Тайна Мэриэл
Шрифт:
Николас посмотрел на нее из-под прикрытых век, губы его вытянулись в прямую напряженную линию.
— Ты забываешь, что, делая тебе предложение, я уже все о тебе знал. Я оставил тебя в коттедже, так как разозлился, что ты судишь обо мне по Сентклеру. Но еще и потому, что видел: ты убеждена, что станешь обузой, если не приговором к смерти, для любого дипломата. Ты не хотела меня слушать, даже на секунду не усомнилась в своей правоте. И еще я понял: до тех пор мне удавалось обманывать себя, что, хотя ты мне нравишься
От его слов глаза Мэриэл наполнились слезами. Быстро заморгав, она попыталась справиться с волнением.
Он усмехнулся.
— Что ж, расплатой за мое высокомерие стал твой отказ. От перспективы жить без тебя у меня оборвалось сердце. Я должен был уехать, иначе опустился бы до мольбы.
— Не говори глупостей, — неуверенно проговорила Мэриэл.
— Ты могла вынудить меня к этому, — спокойно возразил он. — Когда гнев и боль прошли, я решил выяснить корни твоей непреклонности. Для этого и поехал в Новую Зеландию.
— Николас, у моей тети были причины ожесточиться. Кроме всего прочего, на нее свалилась еще и я.
— В этой ситуации не было ничего такого, с чем она не могла бы справиться. Она, однако, предпочла уйти с работы и исчезнуть, а позже отыгрывалась на тебе за грехи, якобы совершенные твоими родителями. Она могла бороться, Мэриэл, но предпочла бегство. А по мне — это худший из грехов.
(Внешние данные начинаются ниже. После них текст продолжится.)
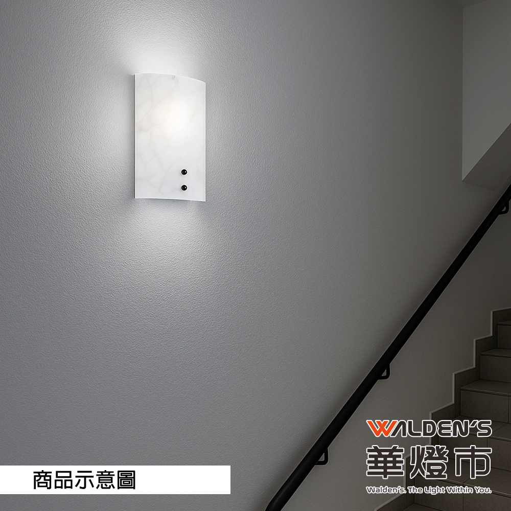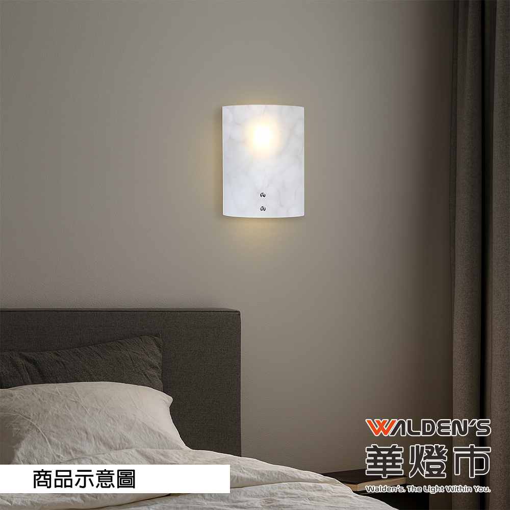 仿雲石紋單壁燈以細膩的雲石紋玻璃燈罩為設計核心,呈現自然流動的紋理層次,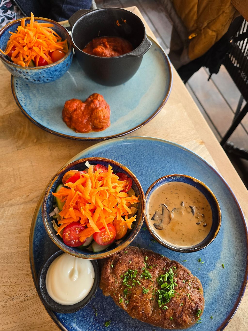 Balls in tomato sauce and seitan steak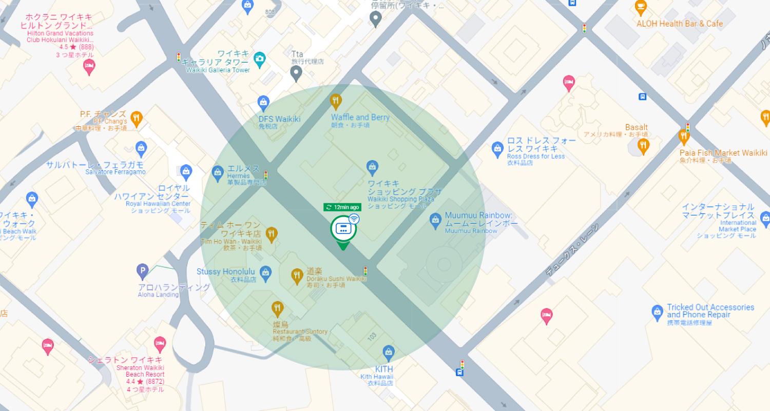 高層ビルの多い場所や建物内、地下、金属に覆われている環境では位置取得が難しく、位置情報が更新されない場合がございます。

— Не думаю, что она была сознательно жестока. Люди действительно обходились с ней отвратительно, — спорила Мэриэл, стараясь сохранять объективность.
Николас мрачно произнес:
— Может быть, она и не собиралась портить тебе жизнь, но явно превратила тебя в козла отпущения. Мало того, что она привезла тебя в маленький городишко, где каждый немедленно узнавал о тебе все, она еще строила из себя прорицательницу, из-за чего консервативно настроенные люди смотрели на нее с подозрением. Тогда она, воспользовавшись их естественной реакцией, прекратила с ними всякие отношения и ударилась в уединенную эксцентричность. Ничего удивительного, что ты так стремилась покинуть Новую Зеландию.
Мэриэл закусила губу и взяла чашку.
— Я собираюсь поехать туда, — сказала она. — Я забронировала билеты на февраль.
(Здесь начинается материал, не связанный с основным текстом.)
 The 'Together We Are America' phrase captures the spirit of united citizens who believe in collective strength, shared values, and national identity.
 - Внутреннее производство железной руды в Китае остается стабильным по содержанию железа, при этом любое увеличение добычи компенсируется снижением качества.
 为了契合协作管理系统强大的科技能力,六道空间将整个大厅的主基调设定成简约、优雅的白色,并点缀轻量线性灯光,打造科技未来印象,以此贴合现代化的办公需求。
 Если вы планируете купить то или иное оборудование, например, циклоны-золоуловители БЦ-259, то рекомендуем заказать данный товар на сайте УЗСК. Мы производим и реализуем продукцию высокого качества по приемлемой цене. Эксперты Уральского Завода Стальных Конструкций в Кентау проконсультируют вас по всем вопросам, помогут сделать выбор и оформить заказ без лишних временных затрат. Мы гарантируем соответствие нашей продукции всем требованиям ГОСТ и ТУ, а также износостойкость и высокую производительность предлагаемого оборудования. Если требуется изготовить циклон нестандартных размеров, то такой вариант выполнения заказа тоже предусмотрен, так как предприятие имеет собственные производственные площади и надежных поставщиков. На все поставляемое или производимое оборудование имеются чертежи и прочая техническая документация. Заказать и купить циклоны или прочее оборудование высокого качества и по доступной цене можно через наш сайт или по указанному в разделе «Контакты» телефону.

— Правда? Но зачем, если ты так ненавидишь эту страну?
— Неправда! Да, конечно, у меня не самые светлые воспоминания о Новой Зеландии, но я знаю, что не все новозеландцы узколобые фанатики. Я встречала прекрасных людей.
— Что заставило тебя решить вернуться?
— То, что ты любишь эту страну, — сердито пробормотала Мэриэл. — Встретив тебя в Нью-Йорке со Сьюзан… — Она со стуком поставила чашку. — Что ты там с ней делал? — в ярости спросила она. — Вы ходили в Музей искусств. Она споткнулась, когда вы на улице спускались по ступенькам, а ты обнял ее за талию и поддерживал, пока вы не скрылись из виду.
— Ты ревновала? — мягко спросил он.
Мэриэл, поколебавшись, смело взглянула на него:
— Я просто умирала от ревности.
— Хорошо. — Выпрямившись, Николас улыбнулся. — Теперь ты можешь хотя бы приблизительно представить себе, что я чувствовал, когда ты сравнила меня с Дэвидом Сентклером.
— Я никогда…
— Нет, именно так. Ты постоянно нас сравнивала. Больше того, ты ожидала, что я отвергну тебя так же, как он. Я не буду тебе описывать, как это меня злило.
Мэриэл заспорила:
— Я не уверена, что мои опасения по поводу твоей репутации были столь безосновательными, как тебе кажется.
— Не начинай снова упиваться чувством вины, — сказал Николас, с безошибочной безжалостностью предугадывая ее реакцию. — Даже если мне придется положить на это всю жизнь, я заставлю тебя признать, что ты чиста перед миром. Я был со Сьюзан в музее, потому что там проходила выставка, которую ей хотелось посмотреть, и потому что она надеялась уговорить меня не уходить со службы. У нее ничего не вышло.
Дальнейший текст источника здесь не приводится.